State of Children's Rights in England 2009 - Child protection

Child protection

The Government has failed to take up numerous opportunities to address comprehensively the many significant deficiencies in arrangements for keeping children safe. The latest opportunity came with Lord Laming’s March 2009 review of child protection and safeguarding arrangements and the Government’s subsequent response to its 58 recommendations, published two months later.

In outlining a programme of national and local government action to “reform” the child protection system, Children’s Secretary Ed Balls said: ‘This country has one of the best child protection systems in the world’.

Mike Lindsay, CRAE's national coordinator commenting on this statement said "CRAE believes this claim is seriously over-stated. Whilst there have undoubtedly been several positive developments in child protection, with both practice and policy moving on in important ways, the state of the child protection system in this country remains deeply troubling, and unfit for purpose in many respects."

Only a small proportion of children who are abused are ever reported to statutory child protection agencies, and referrals by children themselves form an even smaller number. Referrals receive widely different responses and some serious cases are underplayed or even missed. Many child and adult survivors who have reported abuse to the authorities remain critical of the help they received, and a high proportion may be left regretting ever having disclosed abuse. Feeling that they were not listened to emerged as a cause of real frustration and disappointment for children and young people, and had a profound impact on how safe they felt.  

The care system is an integral part of child protection in this country. It therefore has to be of sufficient quality and safety to offer genuine options for keeping children safe. On 12 March 2009, the Children’s Secretary, Ed Balls, told the House of Commons: No barrier, no bureaucracy, no buck-passing should ever get in the way of keeping children safe. Concerns about the adequacy of public care continue to act as just such a barrier.

  • Safeguarding processes remain characteristically impersonal and highly formalised, giving too little encouragement to children to come forward and seek the help and protection they may need.
  • Local authority staff are broadly unaware of the provisions of section 53 of the Children Act 2004: the duty to ascertain, as far as is practicable, the wishes and feelings of the child. If children and young people cannot learn to trust the system to do what is right by them, then many will continue to make choices that are ultimately worse for them.

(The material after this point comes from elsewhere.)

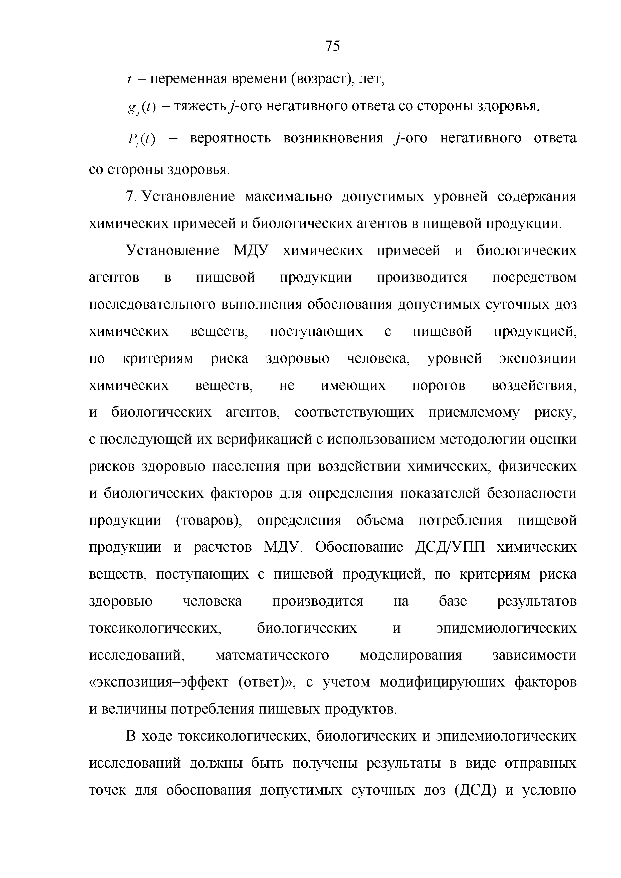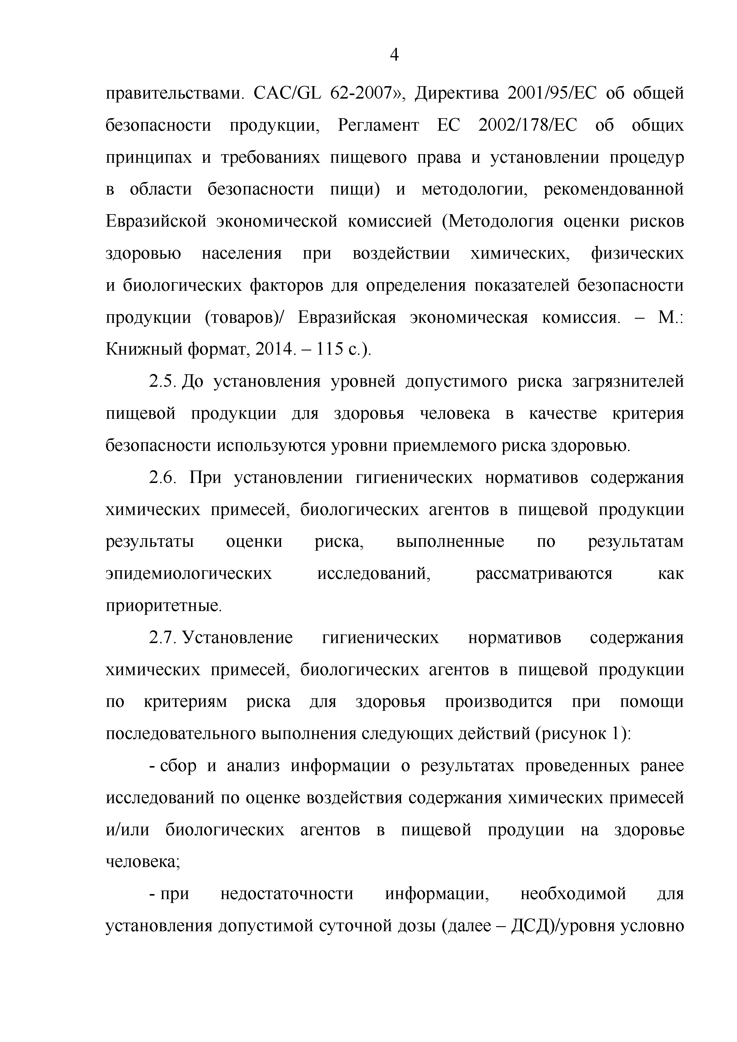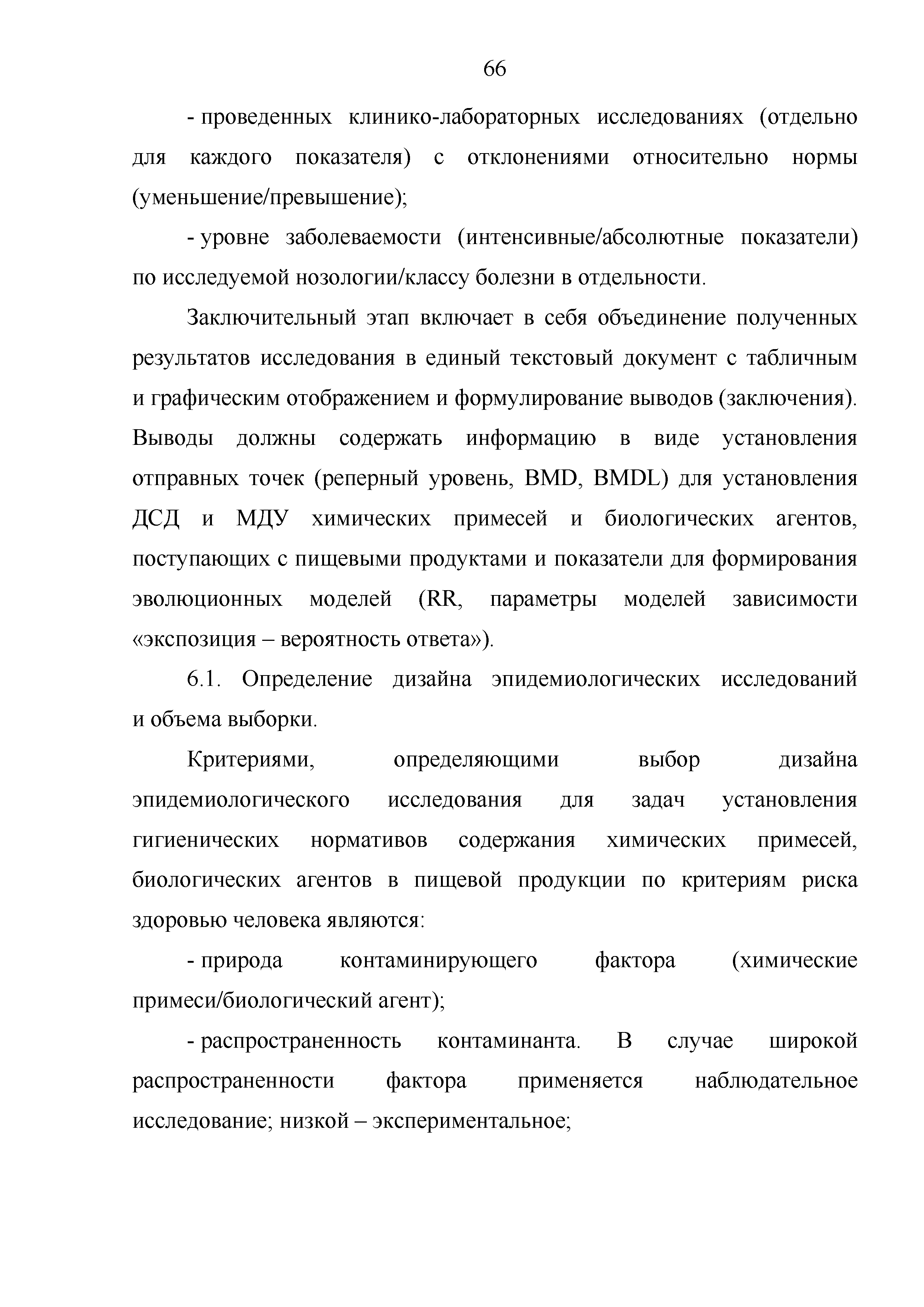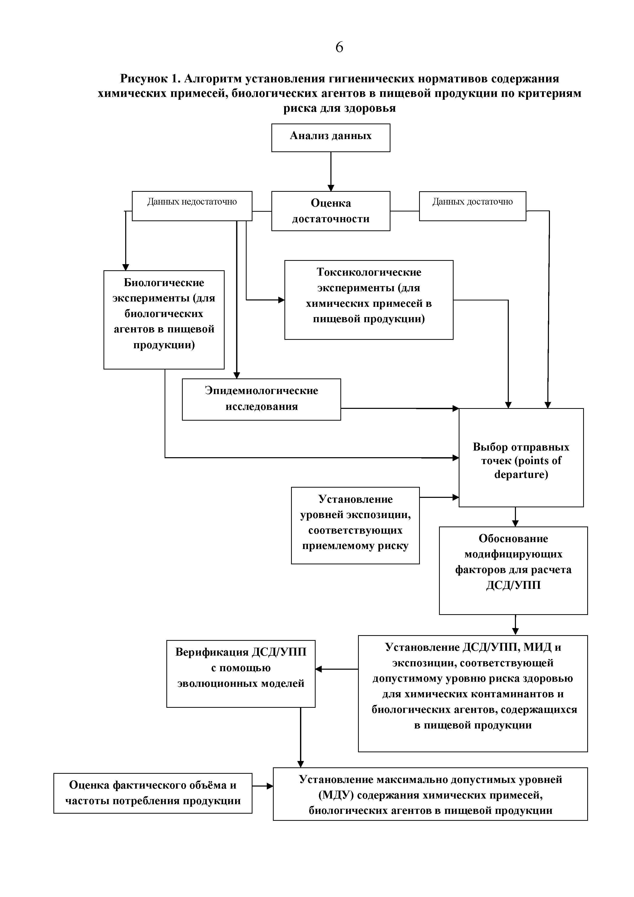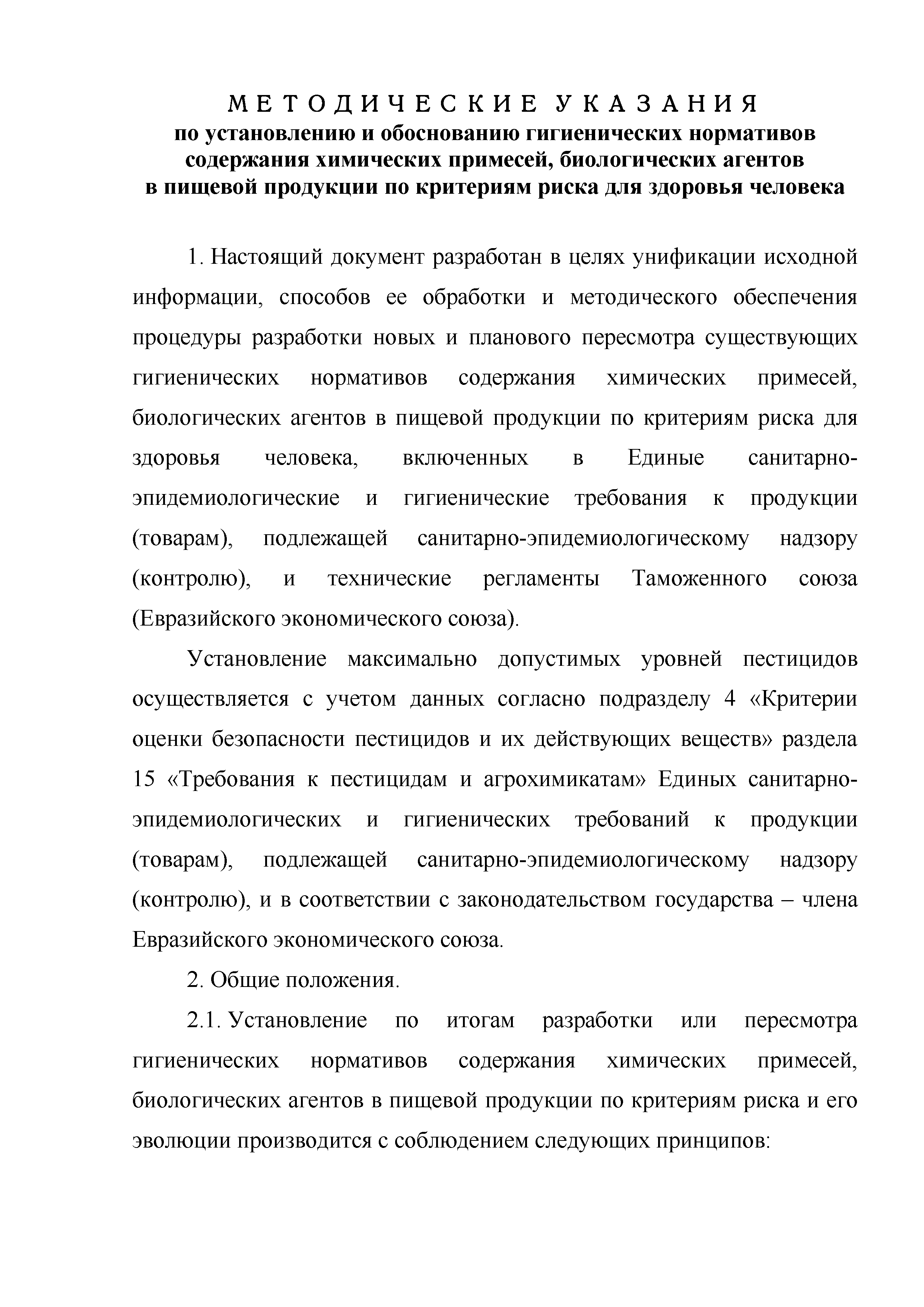 Методические указания по установлению и обоснованию гигиенических нормативов содержания химических примесей, биологических агентов в пищевой продукции по критериям риска для здоровья человека| Статус: | справочные материалы, мп, тпр | | Название рус.: | Методические указания по установлению и обоснованию гигиенических нормативов содержания химических примесей, биологических агентов в пищевой продукции по критериям риска для здоровья человека | | Дата добавления в базу: | 01.01.2021 | | Дата актуализации: | 01.01.2021 | | Область применения: | Документ разработан в целях унификации исходной информации, способов ее обработки и методического обеспечения процедуры разработки новых и планового пересмотра существующих гигиенических нормативов содержания химических примесей, биологических агентов в пищевой продукции по критериям риска для здоровья человека, включенных в Единые санитарно-эпидемиологические и гигиенические требования к продукции (товарам), подлежащей санитарно-эпидемиологическому надзору (контролю), и технические регламенты Таможенного союза (Евразийского экономического союза). | | Оглавление: | 2 Общие положения 3 Выбор релевантной информации для установления гигиенических нормативов содержания химических примесей, биологических агентов в пищевой продукции по критериям риска. 4 Требования к проведению токсикологических экспериментов и необходимого набора тестов и методик проведения токсикологических экспериментов для обоснования ДСД/УПП 5 Требования к проведению экспериментов и необходимого набора методик проведения экспериментов для обоснования гигиенических нормативов содержания биологических агентов в пищевой продукции по критериям риска здоровью человека 6 Требования к проведению эпидемиологических исследований для обоснования гигиенических нормативов содержания химических примесей биологических агентов в пищевой продукции по критериям риска здоровью человека и его эволюции 7 Установление максимально допустимых уровней содержания химических примесей и биологических агентов в пищевой продукции. 8 Верификация ДСД/УПП, химических веществ, поступающих с пищевой продукцией, и уровней экспозиции биологических агентов, соответствующих приемлемому риску, с использованием методологии оценки рисков здоровью населения при воздействии химических и биологических факторов для определения показателей безопасности продукции (товаров) 9 Определение объема потребления пищевой продукции для расчета МДУ 10 Определение максимально допустимых уровней (МДУ) химических примесей и биологических агентов в пищевой продукции. | | Утверждён: | 26.02.2020 Евразийская экономическая комиссия (4)

CRAE welcomes the Government’s focus on improving the child protection system. However, we believe that the Government has failed to recognise the need for a culture of understanding and respect for children’s human rights as the framework for keeping children safe. We are still a very long way from achieving the rights-based approach to child protection that would genuinely make the best interests of the child the paramount consideration.

What might a rights-based approach look like?

  1. It would ensure that we always prioritise ‘best interests’ over ‘best value’, and ring-fenced the resources necessary to make this happen
  2. It would respect choices that children made, including about who they choose to tell
  3. It would offer children who needed it “facilitative confidentiality”, on a risk-assessed basis, to enable them to discuss problems without fear of triggering the consequences of a full-scale child protection response
  4. It would ensure that children did not become secondary victims of the system, such as by only ever losing out on their family home, on contact with siblings or their place in school as a last resort
  5. It would ensure that children had access to properly trained and supervised social workers being allowed to get on with the job, including having their professional judgments for keeping children safe supported by the system.